Marginal Analysis

In the field of economics, marginal analysis entails examination of the final or next unit of cost or of consumption. It involves cost-benefit analysis of business decisions—that is, understanding whether a particular decision provides enough benefits to be worth the cost of that decision. To give a straightforward marginal analysis definition, it is a cost-benefit comparison between a given activity’s additional costs and its additional benefits. “Marginal” means that the cost-benefit being analyzed is that of the next unit or individual, such as the added cost and added benefit of hiring one more worker.

How is Marginal Analysis Used?

As with most economic concepts, when decision-makers use marginal analysis as a tool, their ultimate goal is typically to ensure maximized profits. Marginal analysis is an enormously useful management strategy. Firms and manufacturers use marginal analysis to understand the cost and benefits of growing their businesses, e.g. with increased levels of production or by expanding to offer a broader range of goods and services. Before making such a decision, it is important to ensure that the benefit will outweigh the cost and will thereby contribute to greater profits, rather than resulting in financial drain. Businesses can likewise decide between two possible investment opportunities, figuring out which will provide greater benefits than their associated costs.

Economists apply marginal analysis in the sub-field of microeconomics. It can allow them to understand the way in which complex systems are influenced as a result of marginally altering their variables. This can answer the important question of how seemingly minor decisions and shifts create significant, notable ripple effects within businesses and markets.

Marginal Analysis Example

Here’s one example that’s pretty easy to understand. Consider that it costs a great deal of money to fly a plane across the United States—for instance, from New York to California. When roughly 90 percent of the seats are full, though, the cost of carrying another passenger is negligible, and will also provide hundreds of dollars more to the airline company when the passenger purchases their ticket.

Therefore, because the marginal cost of carrying one more passenger is quite low when the plane is 90 percent full, it is a smart financial decision to sell a ticket to another passenger. Making sure that the plane is full will maximize the profits and most effectively outweigh the high cost of flying the plane from one coast to the other.

Marginal Benefit Compared to Marginal Cost

Marginal benefit is the amount of increase in the benefit provided to the consumer by using one more unit of a good/service. Meanwhile, marginal cost is the amount of increase in the cost paid by a firm to produce one more unit of a good/service.

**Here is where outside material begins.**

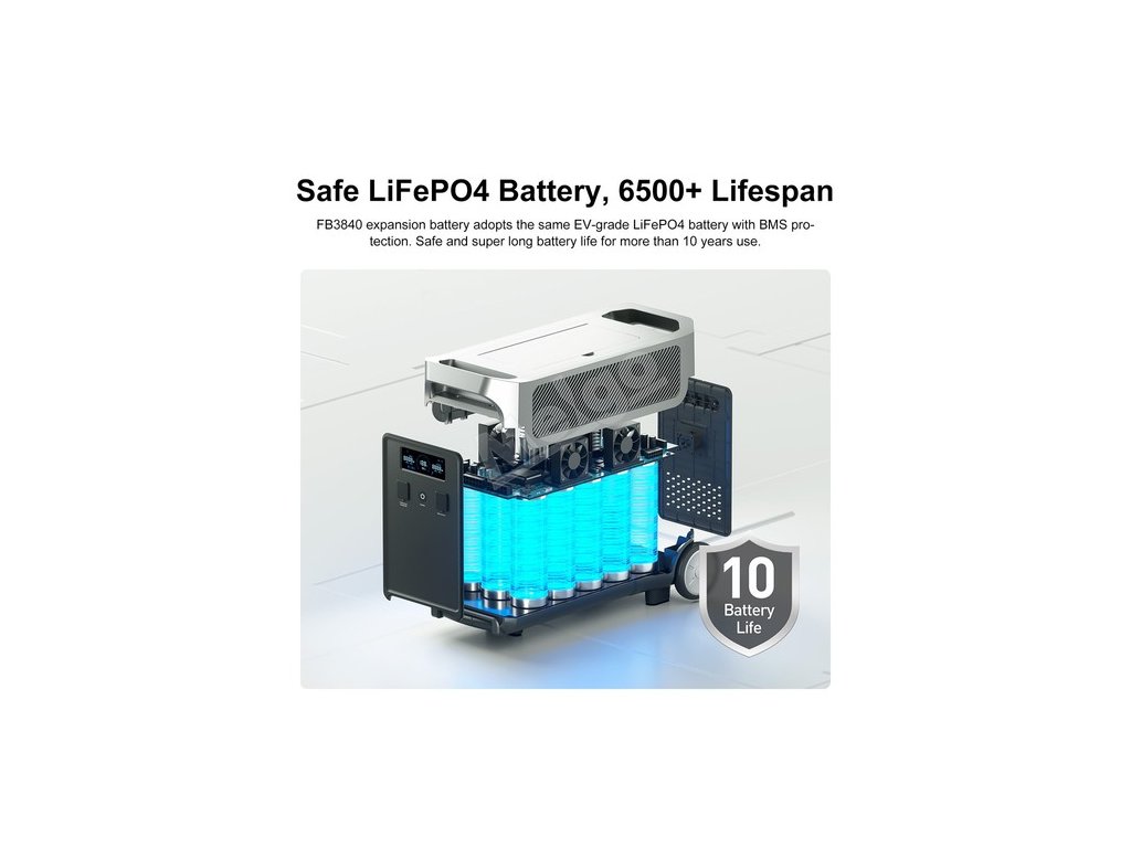 Rozšiřující baterieFB3840 používá stejnou baterii LiFePO4 třídy EV s ochranou BMS. Bezpečná a super dlouhá životnost baterie pro více než 10 let používání.

Marginal benefits tend to decrease with increasing consumption by a consumer. For instance, if someone buys a sandwich, the marginal benefit of buying a second sandwich will be greater than the marginal benefit of then buying a third sandwich, because the consumer will become less hungry over time and will have less need for food. And in the case of economies of scale, marginal costs typically decrease as firms produce higher quantities of a particular good. At high quantities, companies can produce a good at a lower cost per unit. This increases their profits.